Временами кажется, что между тем, что я пишу, и тем, что она читает, – неодолимый путь. Что бы я ни написал, все выглядит натужно и несуразно. Выступи моя писанина на гладкой поверхности страницы, которую она читает, – это было бы как ножом по стеклу, она наверняка зашвырнула бы книгу куда подальше.

Временами начинаю верить, что молодая особа читает поистине мою книгу. Я давно уже должен ее написать, только чувствую, что так никогда и не напишу. Вот она, эта книга – от начала до конца, – лежит себе на дне подзорной трубы; но я не могу разобрать, что там написано, не могу узнать, что написал тот я, которым я не сумел и не сумею стать. Бесполезно снова садиться за письменный стол, силиться разгадать и записать мою настоящую книгу, прочитанную ею: что бы я ни написал, все это будет грубой подделкой моей настоящей книги, которую никто, кроме нее, не прочтет.

А что, если подобно тому, как я навожу подзорную трубу на нее, когда она читает, молодая особа наводит подзорную трубу на меня, когда я пишу? Сажусь за письменный стол спиной к окну и чувствую, что на меня смотрят. Заплечный взгляд вбирает в себя поток слов, уносит повествование по неизвестному мне руслу. Читатели – это мои вампиры. Чувствую, как стая читателей склонилась надо мной и впивается взглядом в слова, еще не застывшие на бумаге. Не могу писать, когда на меня смотрят. Тогда написанное перестает быть моим. Хочется исчезнуть, оставить их алчным взглядам лист, заправленный в пишущую машинку. На худой конец, пусть пожирают глазами мои пальцы, тюкающие по клавишам.

Как дивно бы я писал, если бы меня не было! Если бы между чистым листом бумаги и клокотанием слов и сюжетов, обретающих форму и тающих, так и не дождавшись своего запечатления, не возникало бы это обременительное средостение, сиречь я сам! Мой слог, мой вкус, мои убеждения, моя самость, моя культура, мой жизненный опыт, мой склад души, мой дар, мои излюбленные приемы – все, что делает узнаваемым мое писание, мнится мне тесной клеткой. Будь я просто рукой, обрубком, способным лишь водить пером... кто двигал бы этой рукой? Безликая толпа? Дух времени? Коллективное бессознательное? Не знаю. Я думаю о самоупразднении не для того, чтобы стать глашатаем определенного умонастроения.
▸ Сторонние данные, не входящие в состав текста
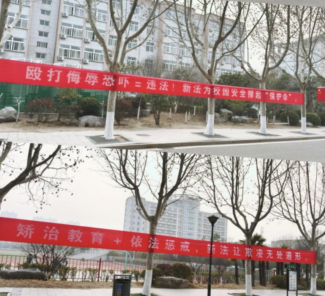 为贯彻落实新修订的《中华人民共和国治安管理处罚法》,我校保卫处即日起在校园重点区域悬挂主题宣传横幅,并同步开通24小时反霸凌线上举报平台,以法治力量筑牢校园安全防线。

Единственная моя цель – передать на письме описуемое, ожидающее своего описания; рассказать то, о чем никто не рассказывает.

Молодая особа, которую я рассматриваю в подзорную трубу, наверное, знает, о чем я должен написать. Точнее, не знает и ждет, когда я напишу то, чего она не знает. Она лишь чувствует пустоту ожидания. Пустоту, которую должны заполнить мои слова.

Временами я думаю о содержании еще не написанной книги как о чем-то уже существующем. Это передуманные мысли, произнесенные реплики. Все, что должно было произойти, – произошло; в известных местах и при известных обстоятельствах. Выходит, книга – это не что иное, как письменное отображение неописанного мира. А иногда мне кажется, что ненаписанная книга и существующий в реальности мир как бы взаимодополняются. Тогда книга становится описанной, оборотной стороной неописанного мира. Ее содержание – это то, чего нет и не может быть до тех пор, пока не будет описано; и в том, что есть, без этого подспудно ощущается пустота и незавершенность.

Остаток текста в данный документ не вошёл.